Once your cross-compiler (running on the host) works well enough to generate a correct compiler (and necessary libraries, etc.) that will run on the target, then you can compile the compiler with itself on the target platform, and end up with a target-native compiler, which runs on the target and generates code which runs on the target.
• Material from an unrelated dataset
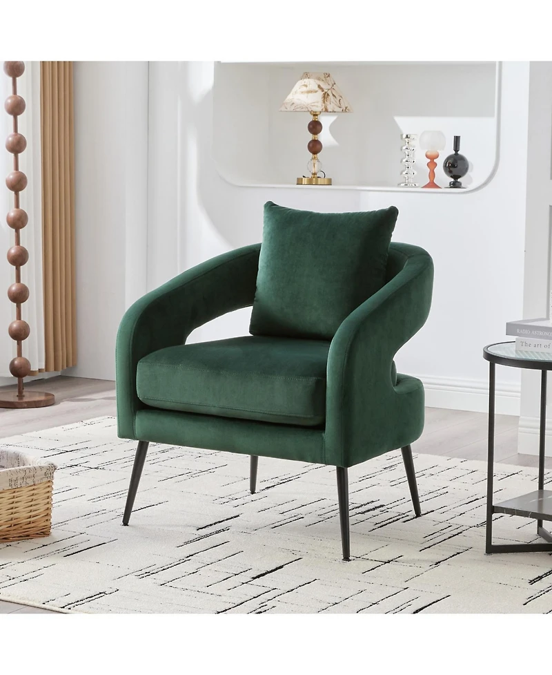 Streamdale Furniture Velvet Open Back Accent Chair with Metal Legs, Green
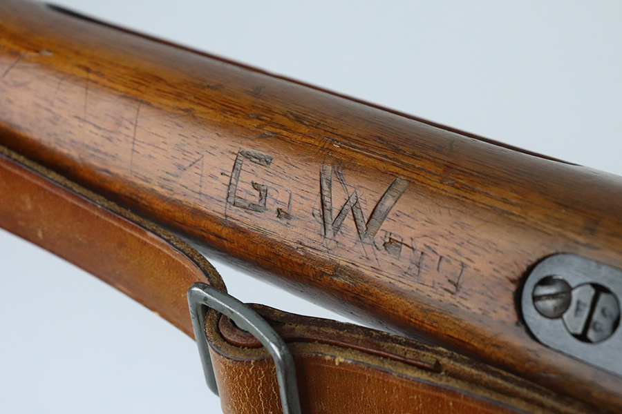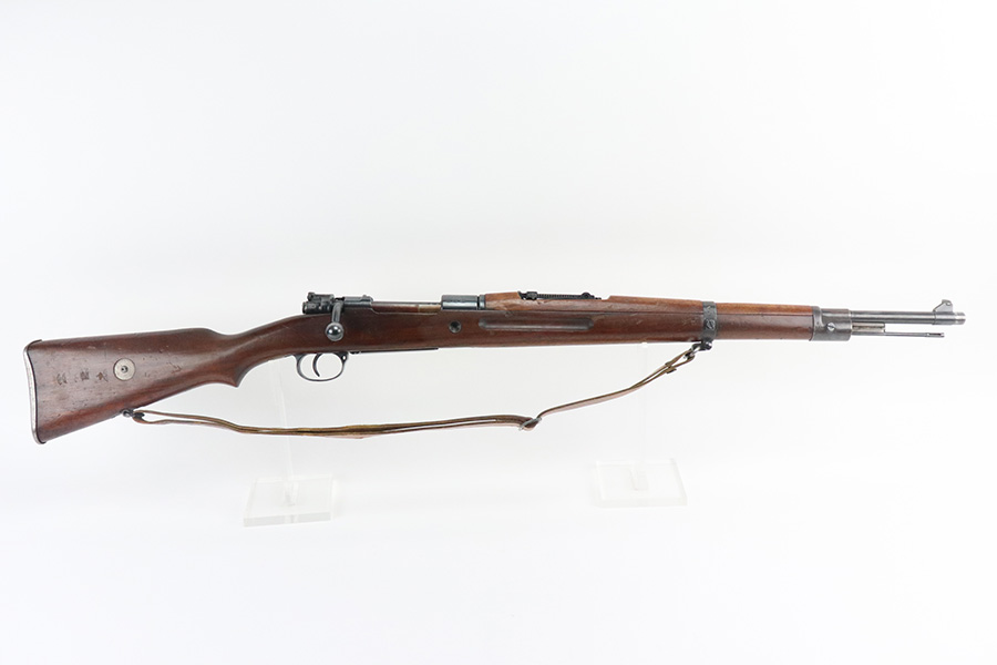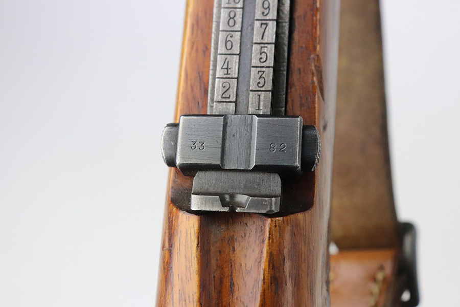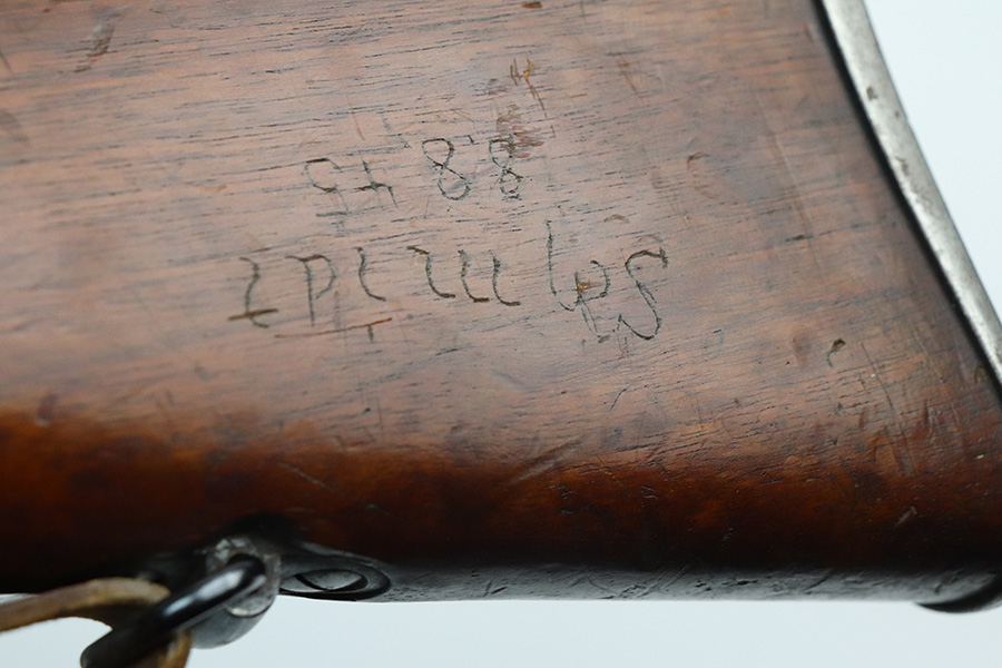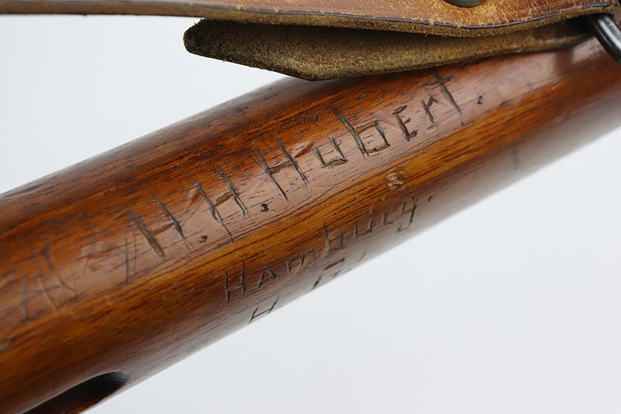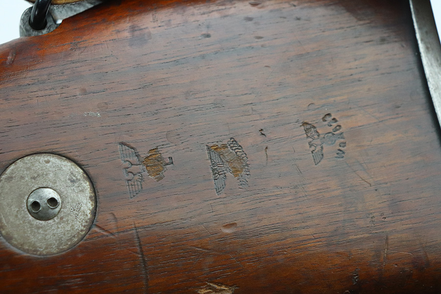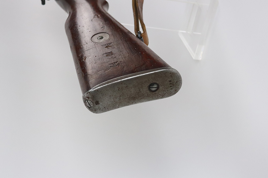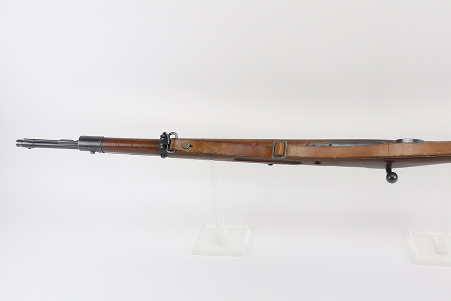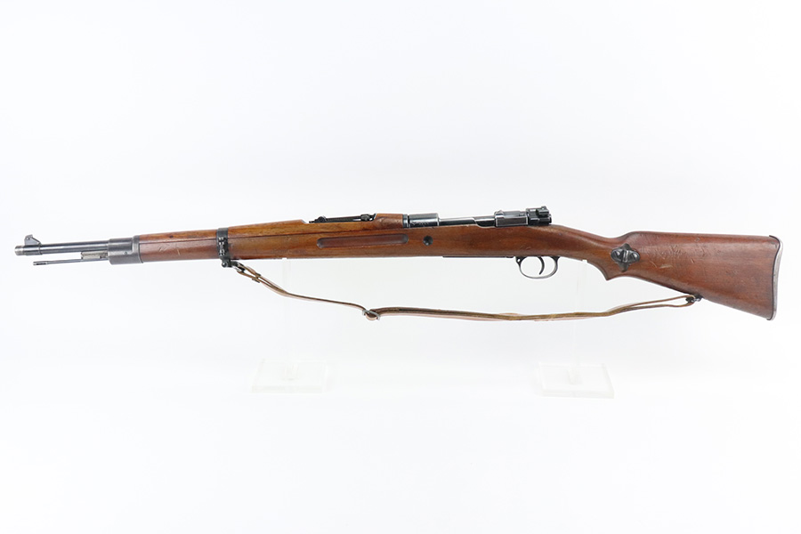 7/29/21 – This is a very rare Steyr G29(o) assembly that was part of a small Luftwaffe contract. These rifles were part of a separate contract that was being manufactured at Steyr when the 1938 annexation of Austria occurred. The Luftwaffe, in desperate need of small arms, immediately took over the production and the rifle was modified as much as possible to the standard 98k Rifle configuration. It was made briefly in 1938 and early 1939, after which the factory was re-tooled to manufacture the standard K98k. These rifles are all Luftwaffe marked, and this one is Eagle/L proofed on the stock. This rifle is all matching throughout, down to the screws. The original blue is in very good condition with minor thinning on receiver and a little bit of wear around the muzzle and front band. The stock is structurally sound but does have a large ding on the left side, and you will also see that various names and initials have been carved into it. Names like Hubert, Hamburg and Schmidt can be seen. It appears this was done by the American soldiers who later captured it, as it is also dated to August of 1945. Includes a sling and cleaning rod. Bore is shiny with strong rifling but some frost throughout.

It's the same principle with a new language: you have to write code in an existing language that you do have a toolchain for, which will compile your new language into something that you can work with (let's call this the "bootstrap compiler"). Once you get this working well enough, you can write a compiler in your new language (the "real compiler"), and then compile the real compiler with the bootstrap compiler. At this point you're writing the compiler for your new language in the new language itself, and your language is said to be "self-hosting".